> **WHAT YOU NEED TO DO**
Any pictures in the records below must be left out when you repeat the lines from the line containing "The dress features" through the line containing "Værktøjsmaskiner i U.S.A." exactly.

[Records from a dataset]
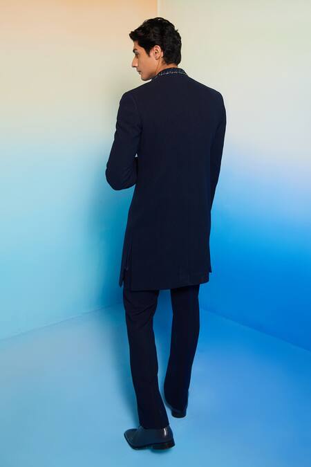 Deep blue textured sherwani featuring metallic crystal embellishment on the collar. Paired with a matching kurta and pant.
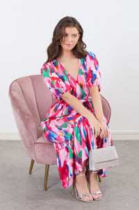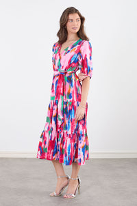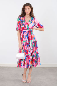 The dress features a v-neckline and a wrap style, tied at the waist with a ribbon. The fabric has a multi-colored abstract print, with shades of pink, red, green, blue, and various other colors, creating a dynamic and eye-catching pattern. The dress has a tiered skirt with ruffles at the bottom.
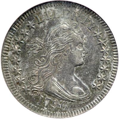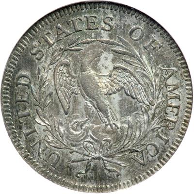 Robert Scot designed the Draped Bust facing right motif. Included are eight stars behind, seven in front of Liberty, for a total of 15 (the only star count seen on the quarter dollar this year, unlike several other denominations of this design where 15 or 16 stars are found). LIBERTY is above, the date 1796 is below. On the reverse a Small Eagle (so called), is within by a wreath of laurel and of palm, the two halves tied with a bow at the bottom. The dentils are long, finger-like and prominent on both sides, a feature that always leaves a nice impression on the viewer. There is no mark of value unlike halves and silver dollars which have it on the edge of the coin. The edge is reeded instead, to discourage coin-shavers. Always in great demand. Pop 4; 22 better.
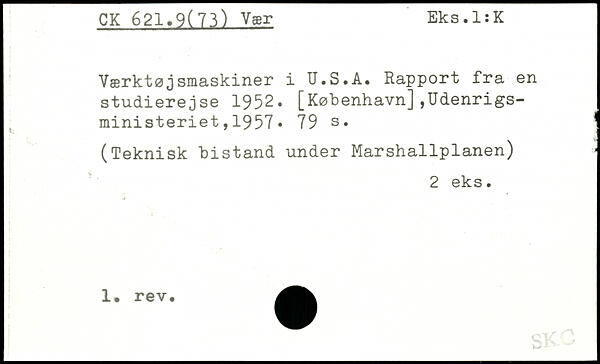 Værktøjsmaskiner i U.S.A. Rapport fra en studierejse 1952.
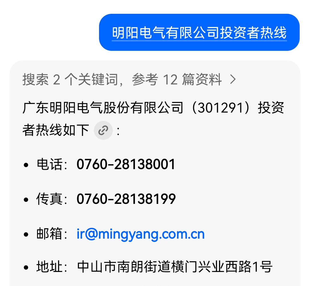 刚才打了明阳电气董事会办公室电话,0736—28138001,狠狠的批评了他们一
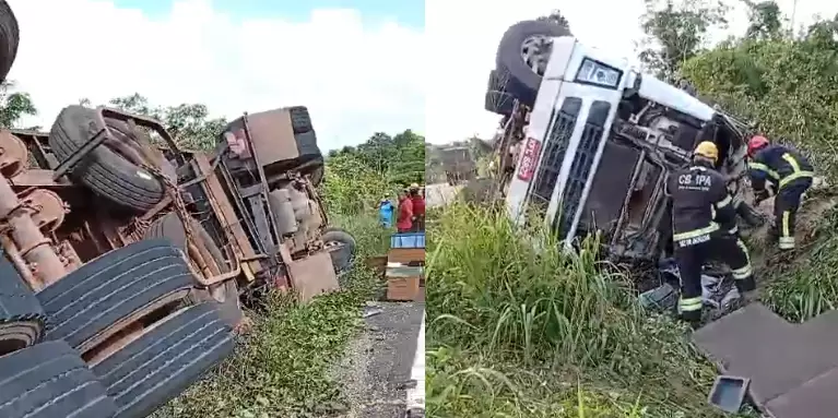 Um motorista, identificado inicialmente pelo nome de Kleber, morreu após o caminhão que ele conduzia tombar na PA-256, em Paragominas, sudeste do Pará. O grave acidente de trânsito foi registrado na manhã desta terça-feira (25/3), em uma curva na via. A vítima ficou presa às ferragens e não resistiu.
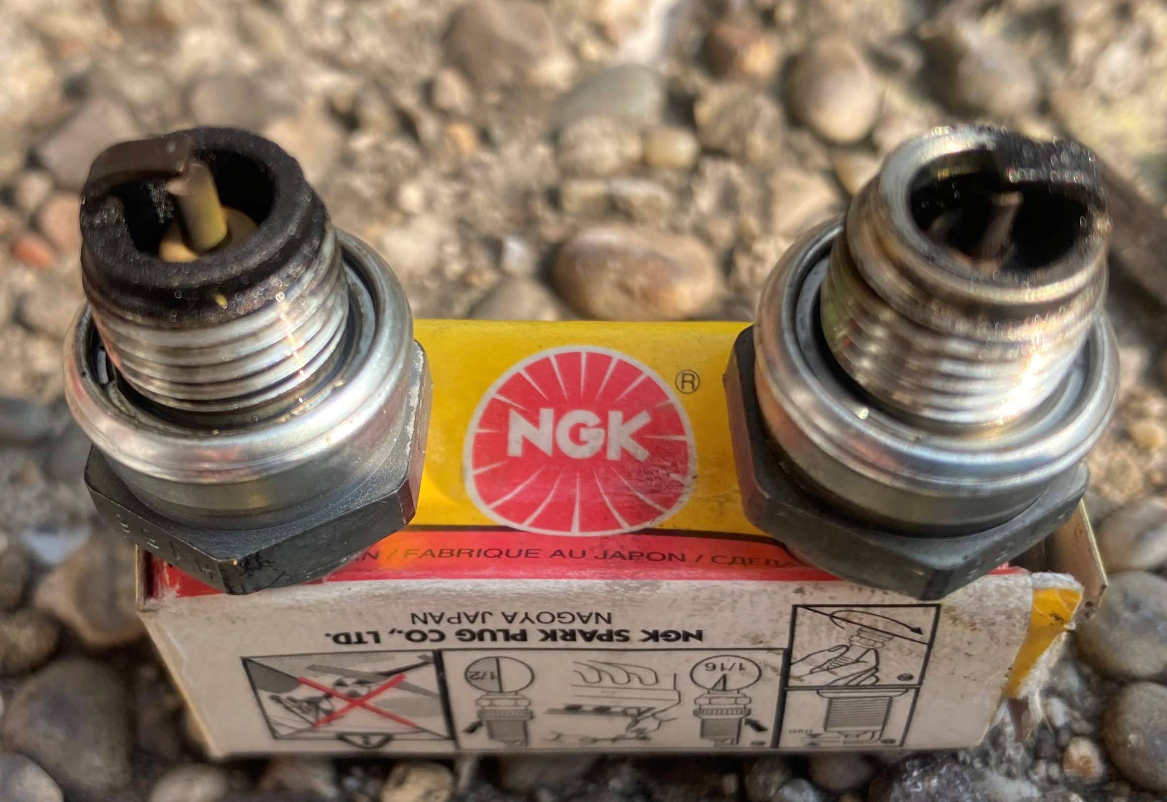 This is what the plugs looked like. The right side plug looks good while the left side is oil fouling. The engine idles and ran good at full throttle but would miss at cruising speed. At any rate put two new CM6 plugs in this morning and I'll see what happens later today. May need a slight carb adjustment as well but it sounds good at idle and full throttle
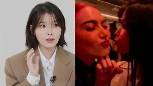 The video shows her and IU at the show's after-party, where IU gave Davika Hoorne a peck on the cheek after Davika Hoorne pursed her lips and leaned her face towards IU's.
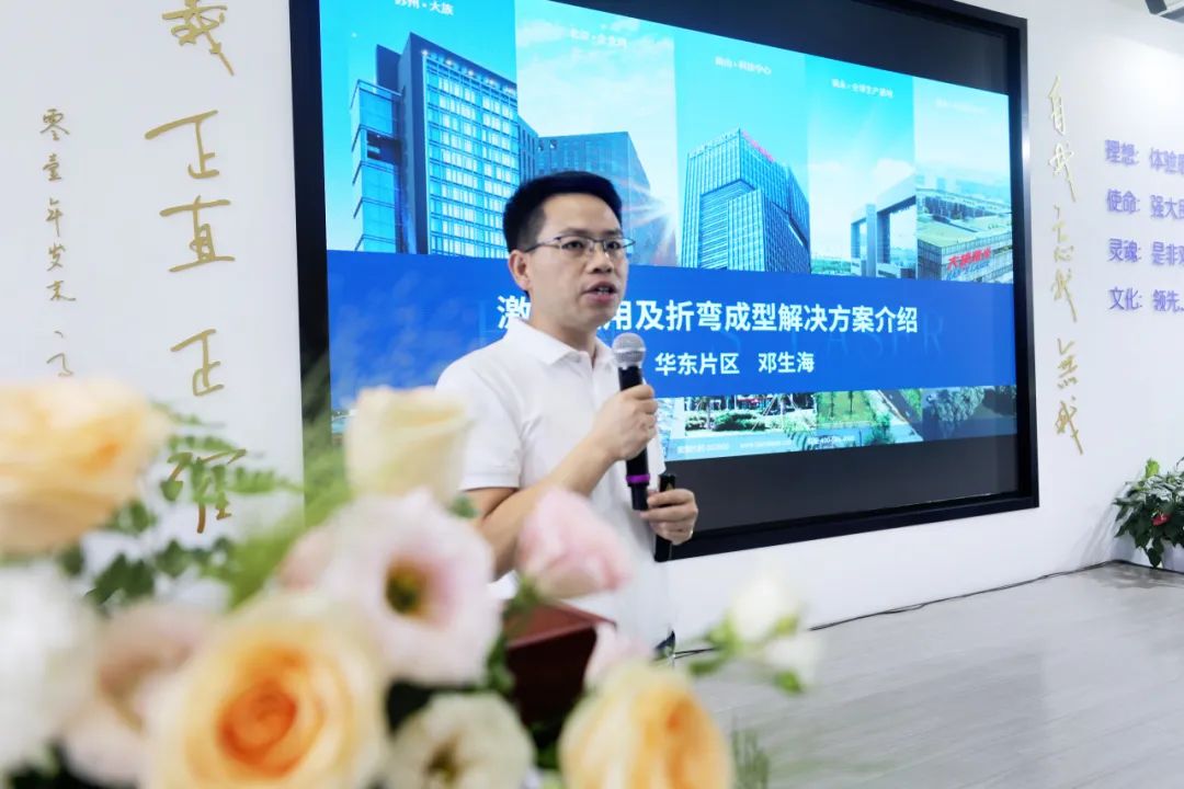 大族激光智能裝備集團華東銷售片區負責人鄧生海作“激光應用及折彎成型解決方案”的主題演講。鄧總介紹了大族激光的整體概況、業務與產品,以及大族激光智能裝備集團的多工廠布局、“切割+”“智能+”全系產品,和部分客戶應用案例。鄧總還介紹,大族激光智能裝備集團產品已實現從平板切割、管材切割、型材切割、卷料切割,到復雜曲面的三維五軸激光切割,再到坡口切割、封頭切割等特殊切割工藝的全面覆蓋;“智能+”系列解決方案從單機產品擴展到自動化、智能化產線,再到大型智能化工廠,為工程機械、電梯制造、汽車制造等行業知名客戶提供了數百套智能化、自動化生產解決方案。
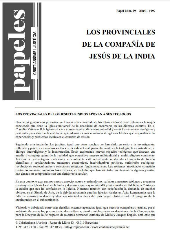 El escrito inédito que presentamos reproduce la intervención que tuvo el autor en un congreso de teólogos asiáticos -cristianos y de otras religiones- que tuvo lugar en Nueva Delhi el diciembre del año 1987. A este congreso asistieron tres invitados de Latinoamérica a quienes se les pidió que presentaran sus reacciones a lo dicho por los asiáticos. Reproducimos las propias palabras del autor. “Voy a apuntar algo de lo que me piden: Desde el punto de vista estrictamente religioso creo que el cristianismo tiene que estar abierto al talante asiático, aunque no fuese más que para moderar su intolerancia desde el talante asiático de tolerancia, y, a la inversa, el mundo asiático puede enriquecerse con el talante ético-práxico del cristianismo para que su tolerancia no se traduzca en indiferencia”. “De todas formas, lo más importante de este encuentro es para mí el tomar conciencia, una vez más, de que la situación del Tercer mundo exige una urgente solución, que eso es lo que debe mover a la mejor comprensión mutua y unificación de las diversas tradiciones religiosas, y a que cada una de ellas aporte lo mejor que tiene para la liberación”.
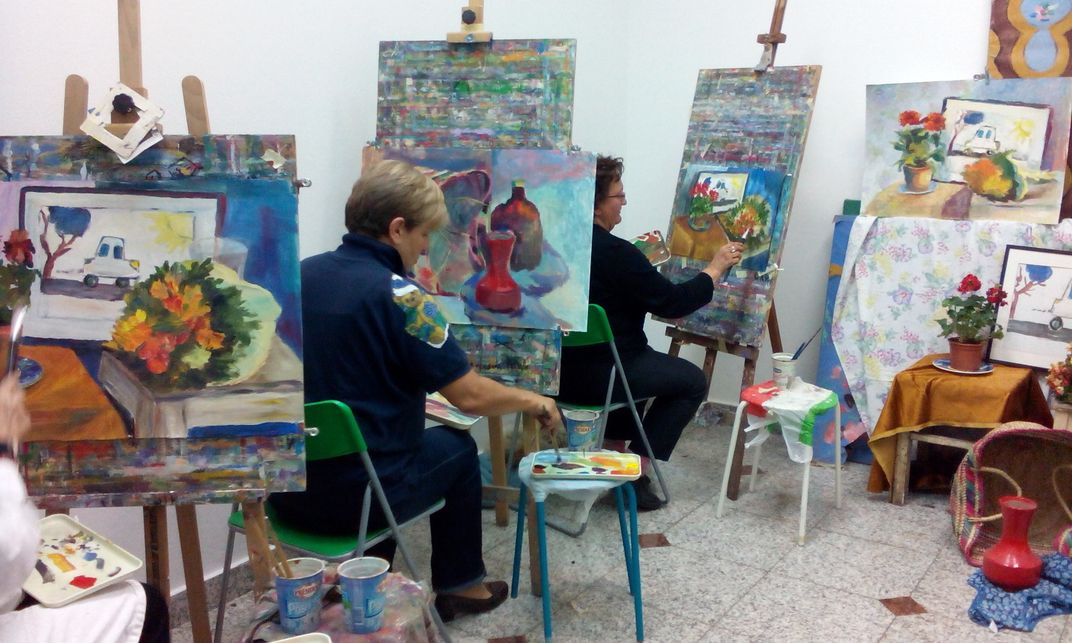 Colorful world of the painting workshop for adults.
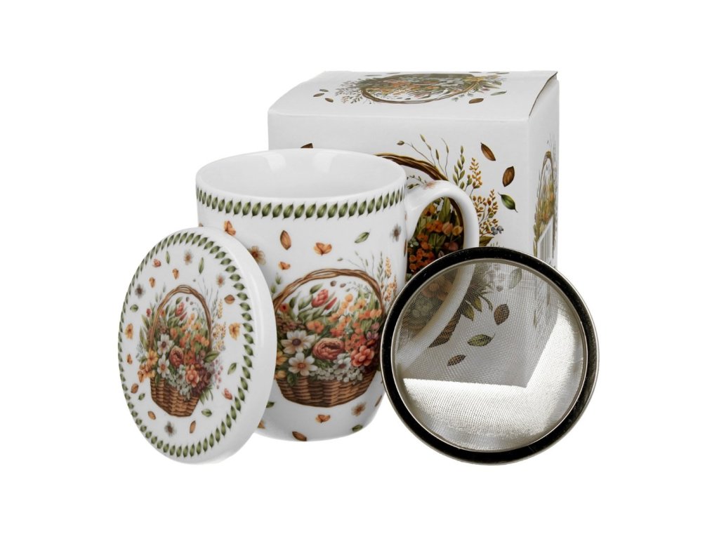 Bylinkový hrnček s vrchnákom a nerezovým sitkom s jemným motívom prúteného košíka naplneného pestrofarebnou kyticou poľných kvetov a padajúceho lístia v teplých jesenných farbách je ideálny na prípravu vášho obľúbeného čaju či aromatických byliniek.
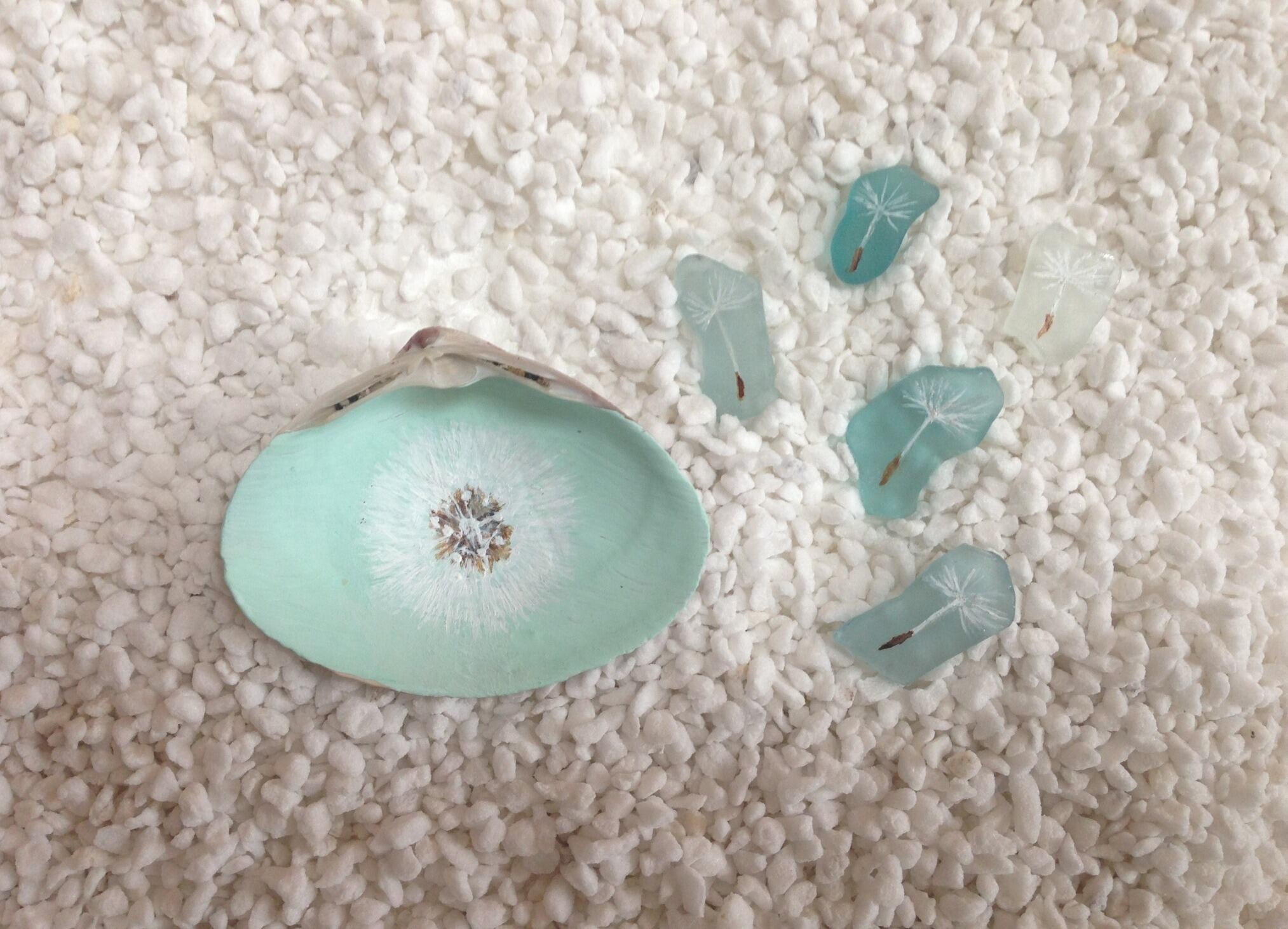 海で拾った貝殻とシーグラスにアクリル絵の具で、たんぽぽの綿毛を描きました。

> **ANSWER BOX**
 The dress features a v-neckline and a wrap style, tied at the waist with a ribbon. The fabric has a multi-colored abstract print, with shades of pink, red, green, blue, and various other colors, creating a dynamic and eye-catching pattern. The dress has a tiered skirt with ruffles at the bottom.
 Robert Scot designed the Draped Bust facing right motif. Included are eight stars behind, seven in front of Liberty, for a total of 15 (the only star count seen on the quarter dollar this year, unlike several other denominations of this design where 15 or 16 stars are found). LIBERTY is above, the date 1796 is below. On the reverse a Small Eagle (so called), is within by a wreath of laurel and of palm, the two halves tied with a bow at the bottom. The dentils are long, finger-like and prominent on both sides, a feature that always leaves a nice impression on the viewer. There is no mark of value unlike halves and silver dollars which have it on the edge of the coin. The edge is reeded instead, to discourage coin-shavers. Always in great demand. Pop 4; 22 better.
 Værktøjsmaskiner i U.S.A. Rapport fra en studierejse 1952.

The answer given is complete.